= Directions =
Find the line containing "其中,名单中信息与电子工程学", then print it and each following line through the end of the records, exactly and with nothing added; leave out any pictures.

= Extracted records =
----------------
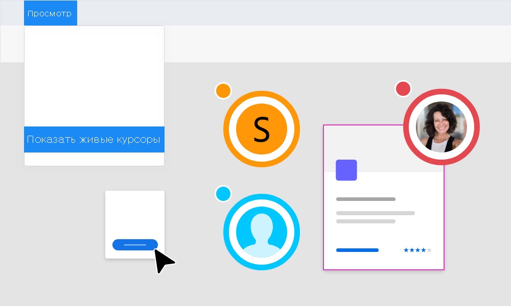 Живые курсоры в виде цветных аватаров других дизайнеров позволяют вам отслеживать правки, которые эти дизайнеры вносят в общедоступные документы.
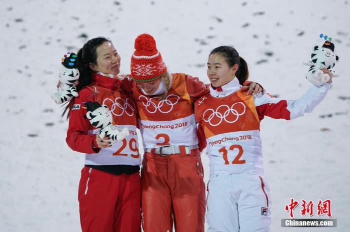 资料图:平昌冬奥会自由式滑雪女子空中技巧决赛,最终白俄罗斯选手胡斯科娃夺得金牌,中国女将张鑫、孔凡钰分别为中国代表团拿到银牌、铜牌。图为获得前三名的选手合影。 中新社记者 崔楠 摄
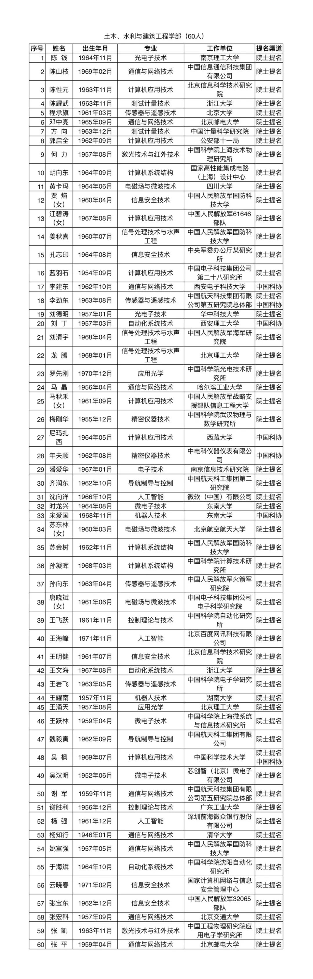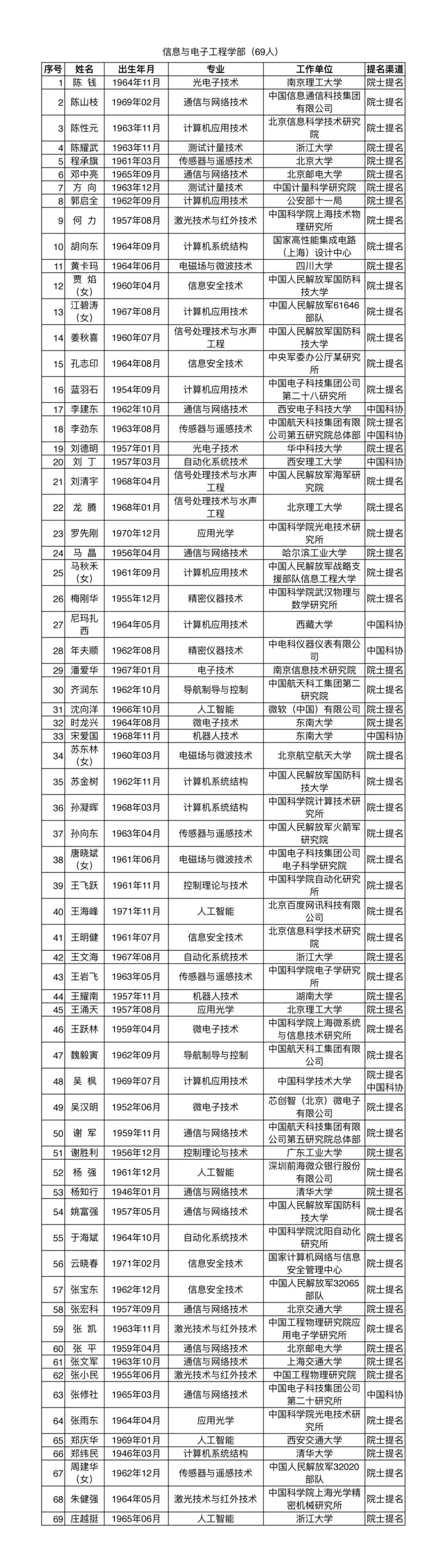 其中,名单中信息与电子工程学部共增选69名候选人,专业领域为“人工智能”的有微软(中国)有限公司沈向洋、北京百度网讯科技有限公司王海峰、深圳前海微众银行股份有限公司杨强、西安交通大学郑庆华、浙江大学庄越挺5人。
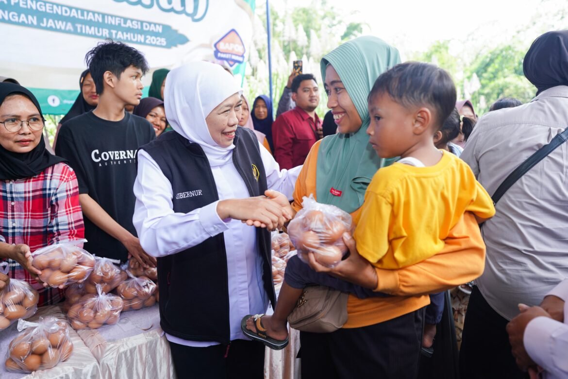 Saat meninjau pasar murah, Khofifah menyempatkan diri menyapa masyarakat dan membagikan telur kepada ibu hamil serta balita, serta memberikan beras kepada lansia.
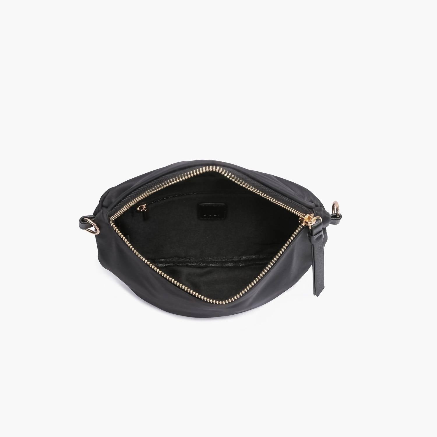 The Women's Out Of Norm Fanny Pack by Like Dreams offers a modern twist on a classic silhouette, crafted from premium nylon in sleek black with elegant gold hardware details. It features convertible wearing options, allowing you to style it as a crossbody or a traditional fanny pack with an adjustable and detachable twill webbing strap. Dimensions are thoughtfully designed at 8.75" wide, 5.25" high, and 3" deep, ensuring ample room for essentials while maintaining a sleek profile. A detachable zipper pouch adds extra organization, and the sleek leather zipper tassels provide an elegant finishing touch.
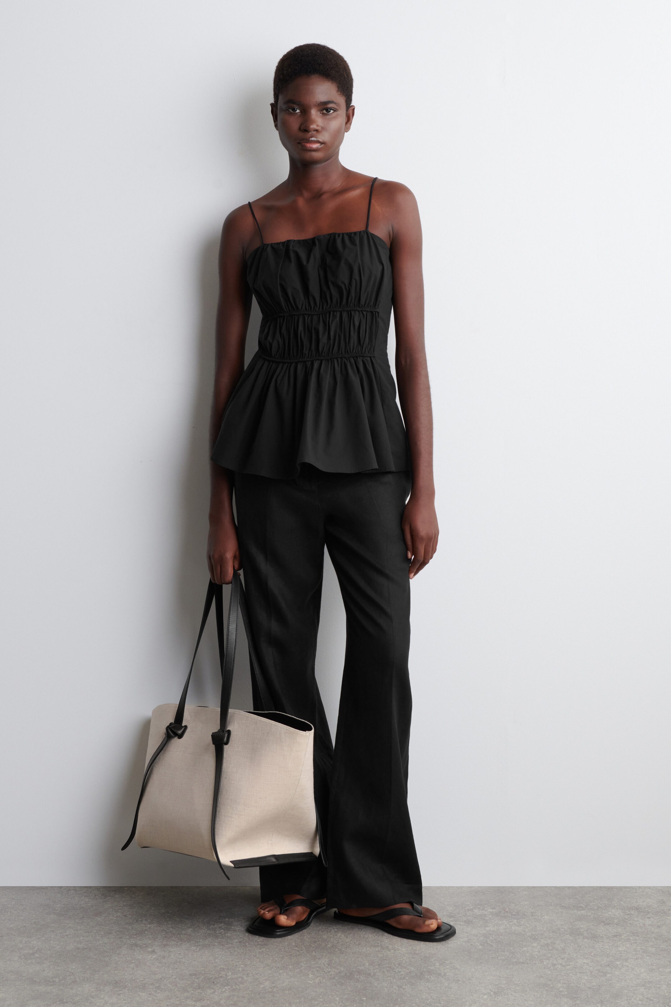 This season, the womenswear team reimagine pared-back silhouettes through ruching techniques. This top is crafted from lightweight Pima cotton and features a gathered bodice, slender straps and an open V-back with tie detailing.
----------------
= Exercise result =
 其中,名单中信息与电子工程学部共增选69名候选人,专业领域为“人工智能”的有微软(中国)有限公司沈向洋、北京百度网讯科技有限公司王海峰、深圳前海微众银行股份有限公司杨强、西安交通大学郑庆华、浙江大学庄越挺5人。
 Saat meninjau pasar murah, Khofifah menyempatkan diri menyapa masyarakat dan membagikan telur kepada ibu hamil serta balita, serta memberikan beras kepada lansia.
 The Women's Out Of Norm Fanny Pack by Like Dreams offers a modern twist on a classic silhouette, crafted from premium nylon in sleek black with elegant gold hardware details. It features convertible wearing options, allowing you to style it as a crossbody or a traditional fanny pack with an adjustable and detachable twill webbing strap. Dimensions are thoughtfully designed at 8.75" wide, 5.25" high, and 3" deep, ensuring ample room for essentials while maintaining a sleek profile. A detachable zipper pouch adds extra organization, and the sleek leather zipper tassels provide an elegant finishing touch.
 This season, the womenswear team reimagine pared-back silhouettes through ruching techniques. This top is crafted from lightweight Pima cotton and features a gathered bodice, slender straps and an open V-back with tie detailing.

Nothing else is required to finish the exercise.